This repository contains material first presented at the 2022 conference of the Society of Research Software Engineering as a walkthrough on MLOps for RSEs, covering the key aspect of MLOps that RSEs will be expected to support and engage with broadly. The material is primarily a series of Jupyter notebooks.
To run the notebooks, you will need to go through the following steps (see subsections below for more details on each step):
From the command line, run the following command:
git clone https://github.com/informatics-lab/ukrse_2022_mlops_walkthrough.git
then navigate to the root directory of your local copy of the repository
First install anaconda or miniconda if you do not already have them installed. Follow the instruction on the conda website to do this.
Once you have installed conda (via anaconda or miniconda), you then need to set up the relevant conda environments on your machine. For this walkthrough we have several different conda environments, representing good practice to create separate environments for different stages and tasks in a typical machine learning learning project or pipeline.

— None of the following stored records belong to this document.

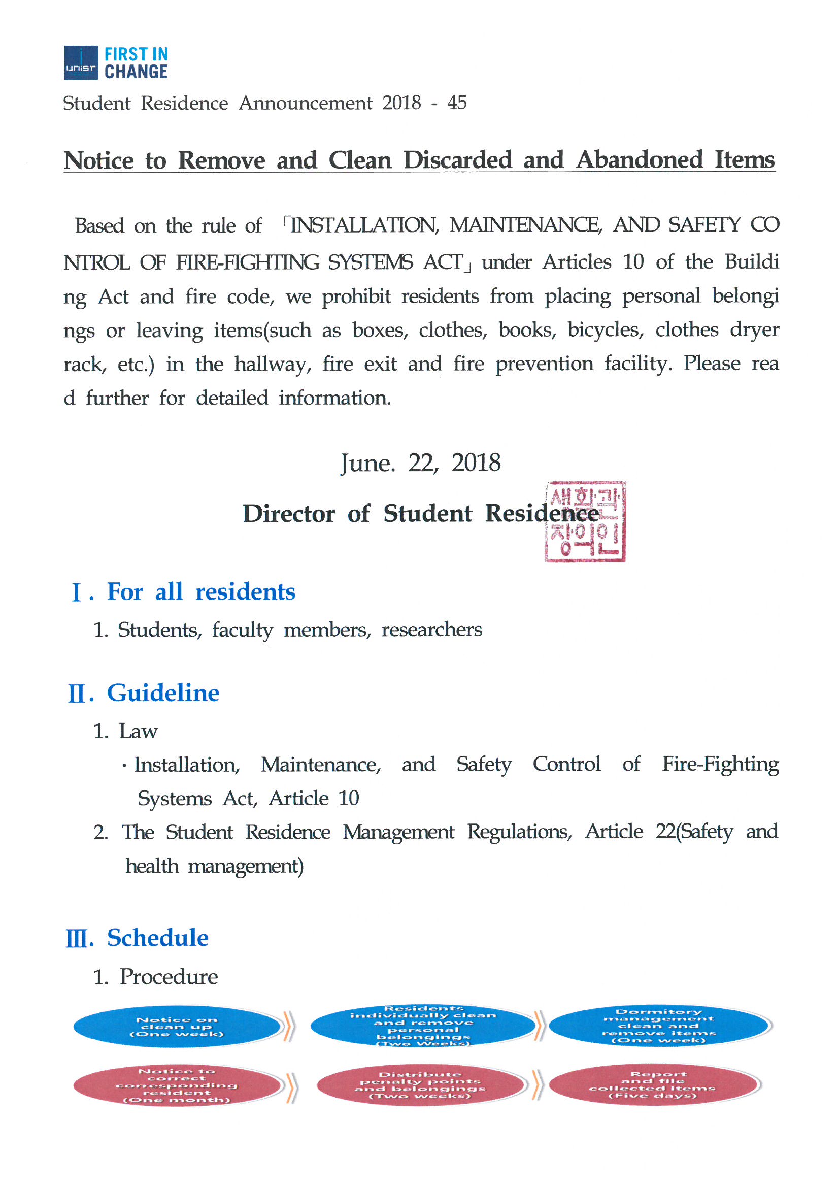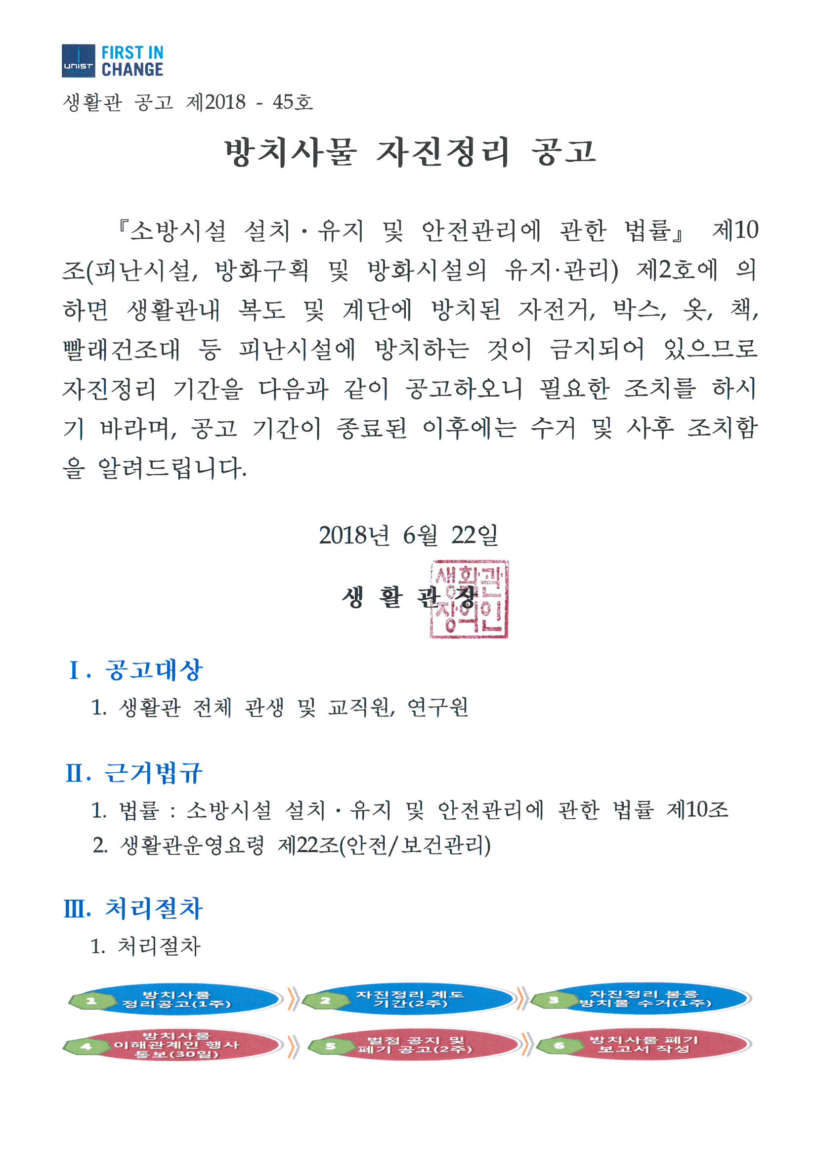 | 53 | (No.2018-45) 방치사물 자진정리 공고(Notice to Remove and.. | 2018-06-22 | 1533 |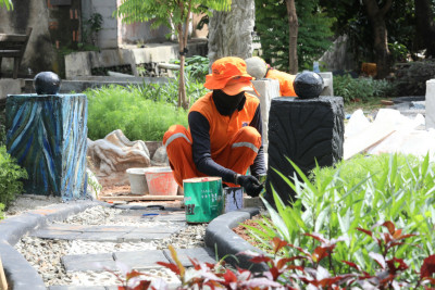 Petugas Penanganan Prasarana dan Sarana Umum (PPSU) Kelurahan Pondok Kopi menyulap lahan tidak terpakai di Jalan Arabika, Pondok Kopi, Duren Sawit, menjadi kawasan unggulan triwulan IV tahun 2025, Senin (8/12). Taman ini dilengkapi fasilitas seperti tempat duduk, jalur pejalan kaki, jalur refleksi, serta dipercantik dengan tanaman hias, diantaranya gandarusa aurelia, cemara air dll.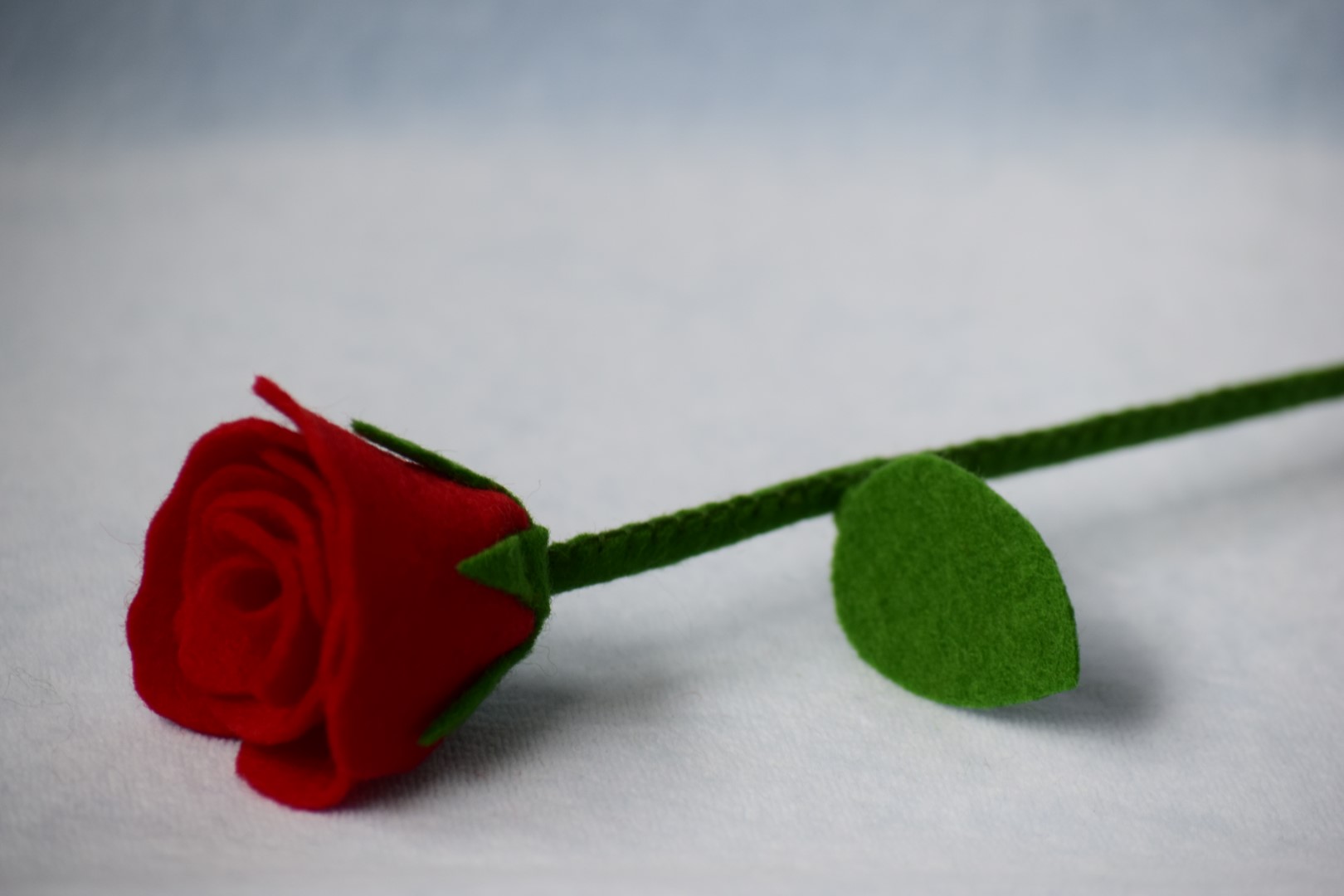 Van vilt maken we een roos, het symbool voor de liefde. De roos is ongeveer 30 cm. lang en staat prachtig in een vaasje.

You can create the environment it describes with the following command:
conda env create --file requirements.yml
The following environments should be installed for this walkthrough:
requirements_data_prep.yml
requirements_model_development.yml
requirements_model_evaluation.yml
The data used in this walkthrough as an archive on Zenodo. Unfortunately you can't easily just download all the files in a Zenodo record, so you will need to download each. This can be done with the wget commands listed below. It is recommended that these be placed in a directory in ~/data/ukrse2022.
wget https://zenodo.org/record/6966937/files/2021_met_office_aviation_rotors.csv -P ~/data/ukrse2022/
wget https://zenodo.org/record/7022648/files/2021_met_office_aviation_rotors_preprocessed.csv -P ~/data/ukrse2022/
wget https://raw.githubusercontent.com/informatics-lab/ukrse_2022_mlops_walkthrough/main/rotors_catalog.yml -P ~/data/ukrse2022/
wget https://zenodo.org/record/7022648/files/era5_mslp_UK_2017_2020.nc -P ~/data/ukrse2022/
Navigate to the repository root, if you are not already there. Activate one of the conda environments, for example
conda activate ukrse2022_mlops_data_prep
Then run jupyter lab with the following command
jupyter lab
The Jupyter Lab interface will pop up in your default browser.